Mark Zuckerberg has questioned the cost of cloud computing and storage during a discussion about bio sequencing.
The Facebook founder specifically referenced AWS, joking «let’s call up Jeff and talk about this».
Zuckerberg and his wife Pricilla Chan set up the Chan Zuckerberg Initiative (CZI) in 2015 to find ways of using technology to advance health, social and scientific research.
In a chat between the research centre’s co-presidents Dr Joseph DeRisi and Dr Stephen Quake, moderated by Zuckerberg live on YouTube, the group argued that progress in initiatives is often blocked by the exorbitant cost of cloud subscriptions.
«In our bio board meetings, one of the things we talk about is the cost of the compute, and our AWS bill, for example, is one of the specific points,» Zuckerberg said. «Let’s call up Jeff and talk about this.»
«It’s interesting, the bottleneck for progress, in medical research at this point, a lot of the cost for it, is on compute and the data side and not strictly on the wet labs or how long it takes to turn around experiments.»

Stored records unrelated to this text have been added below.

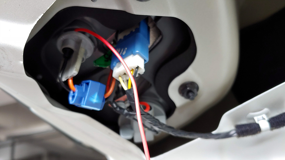 후진등의 +케이블이 너무 짧아서 후진등 전구의 + 전극에 케이블을 직접연결했다.
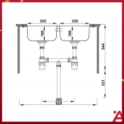 – Chậu rửa 02 hố chậu bằng nhau, lắp đặt âm
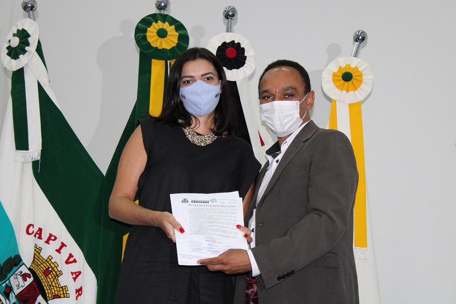 Logo após, o vereador Nelson Soares (PL) fez a entrega de Moção de Aplausos, também aprovada por unanimidade, à dra. Taís de Fátima Boareto, presidente da subseção de Capivari da OAB (Ordem dos Advogados do Brasil). Ela é a segunda mulher na história a assumir esse cargo no município – a primeira foi a dra. Maria Amélia D’Arcadia.
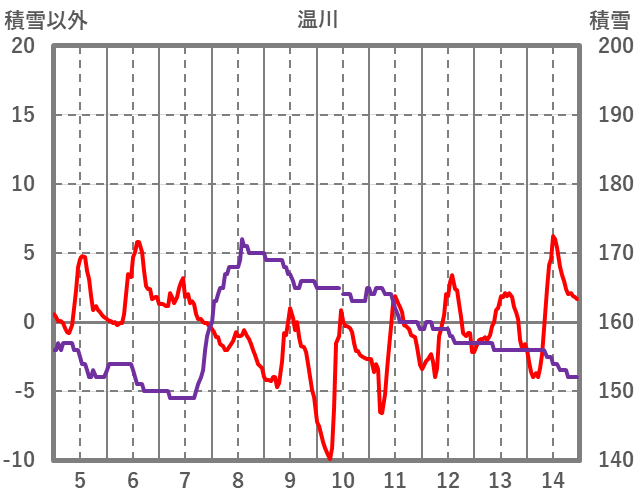 | 日 | 時 | 気温 | 降水 | 風向/風速 | 日照 | 積雪 | 降雪 |

The CZI is part-funded by billions of dollars from Facebook and also investment from LinkedIn co-founder Reid Hoffman.
However, Dr Quake noted that most other organisations and research labs around the world are unable to secure this level of funding, and are therefore hamstrung by the price of cloud.
«This is no more apparent than in the developing world or low-income resource settings,» He said. «The cost of the sequencing and the lab work has gotten to the point where you can do this almost anywhere in the world. It’s gotten that cheap.»
«The compute to be able to analyse that data is unfortunately not available to the vast majority of the people that do that. It’s very often the case that you’ll go to one of these low-income resource settings, they’ll have a sequencer but its collecting dust because they can’t compute. Even if they can access the cloud, they can’t afford it.»
According to Synergy Research Group, the cloud market is heading for a world-wide revenue run rate of $100 billion per year. The big providers have capitalised on digital transformations and the need to store and analyse data with AWS consistently at the top of the market.
Companies like Microsoft, Google, IBM, Alibaba and Oracle are all competing for the rest of the market. This is no more apparent than in the race to provide the Pentagon with cloud computing services. Amazon’s cloud arm was set to be the winners of the $10 billion JEDI contract but after complaints made by Oracle and IBM, the decision has been put on hold.